While most of us tend to think memory works like a video recorder, it is actually more like a grainy slide show. Lost details, including imaginary ones, often are added later. One of the earliest and more famous experiments to demonstrate that memories are malleable was conducted by Elizabeth Loftus, a psychology professor at the University of California, Irvine, and an early pioneer of witness memory research.
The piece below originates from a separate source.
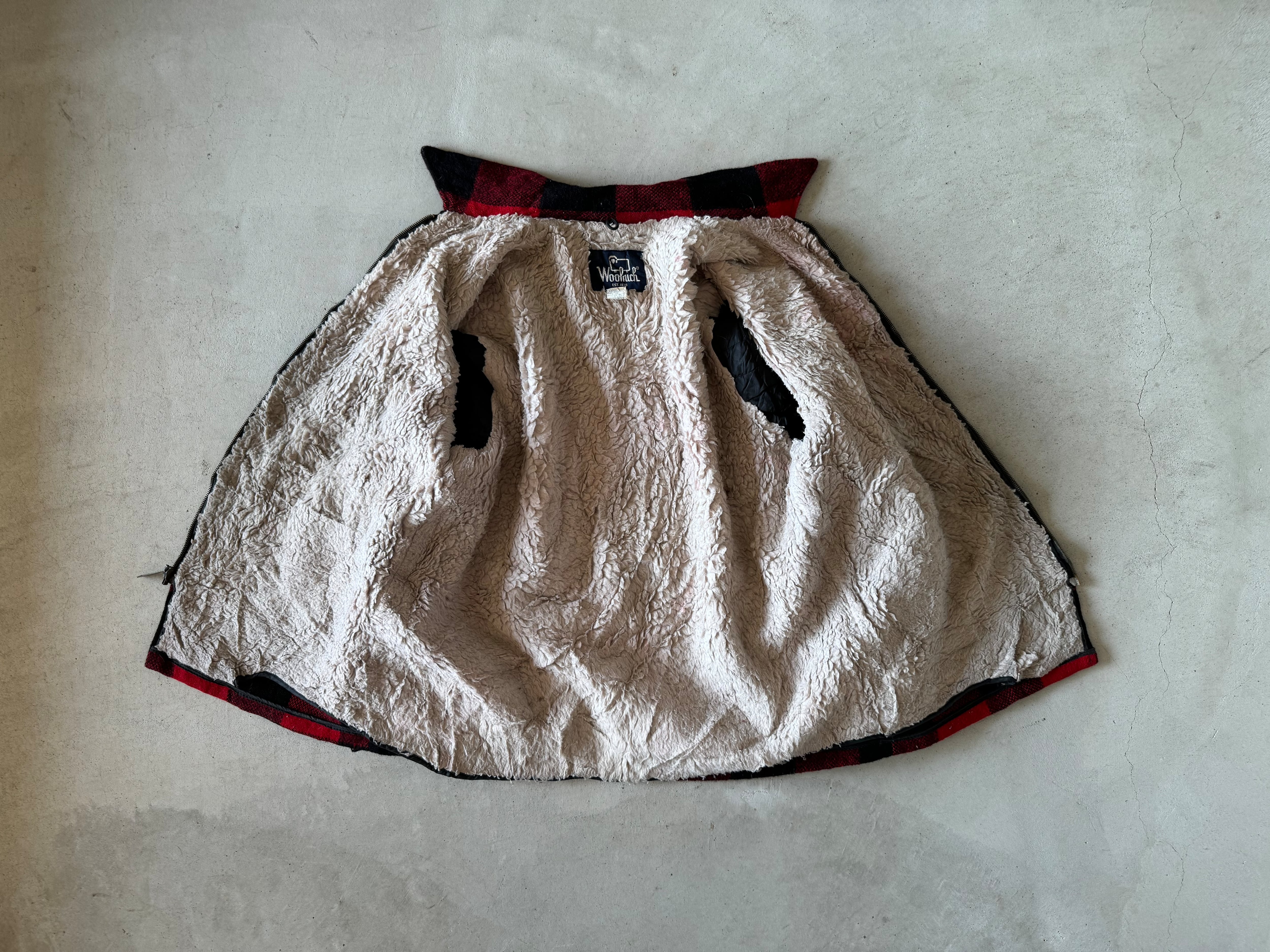 中のボアに赤い色が色移りしています。11枚目の画像でご確認ください。

In a 1974 study published in The Journal of Verbal Learning and Verbal Behavior, she asked participants to view films of fender-benders in which no car windows or headlights were broken. Later, the subjects who were asked how fast the cars were going when they “smashed” into each other — as opposed to “hit” — were more likely to report speeding and describe shattered glass they never actually saw.

In another experiment, conducted in Scotland, participants were four times as likely to report a memory of a nonexistent event — in this case, a nurse removing a skin sample from their little finger — if they had been asked to imagine it just one week before. Others in the experiment read a description, but were not asked to picture it happening.
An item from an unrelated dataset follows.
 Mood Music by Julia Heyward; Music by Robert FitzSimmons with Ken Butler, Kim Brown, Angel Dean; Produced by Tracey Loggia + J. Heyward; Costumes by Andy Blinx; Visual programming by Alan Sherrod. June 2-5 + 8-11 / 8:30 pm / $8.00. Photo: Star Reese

Even the process of police questioning and prepping for trial can crystallize a person’s own faulty reconstruction. In 2000, Dr. Tversky published a series of experiments conducted at Stanford University in the journal Cognitive Psychology. In one, volunteers read profiles of fictitious roommates with both charming and annoying habits; they were then asked to write either a letter of recommendation or letter making a case for a replacement.

When later asked to repeat the original description, the volunteers’ recollections were skewed by the type of letter they had written. Their minds had shed qualities that didn’t match the first draft of their own recall and had embellished those that did.

“When we don’t remember, we make inferences,” Dr. Tversky said.

Sometimes we miss details because we weren’t paying attention, but sometimes we are concentrating too hard on something else. Nothing is as obvious as it seems.

Few experiments have demonstrated this more notably than one published in 1999 by researchers at Harvard. Participants watched a video of people dressed in either black or white passing a basketball. The subjects were told to count the number of passes made by players in white.

During the test, a woman in a gorilla suit strolled through the players. She was unnoticed by about half the people who took the test, the researchers found. Distraction is not unique to the eyes. During a meeting of the Psychonomic Society this month, Polly Dalton and colleagues at the University of London presented the audio version of the gorilla test, a 69-second recording of two men and two women preparing for a party. Almost all of the study participants instructed to listen to the women did not hear a third man repeating “I’m a gorilla” for 19 seconds midway through the conversation.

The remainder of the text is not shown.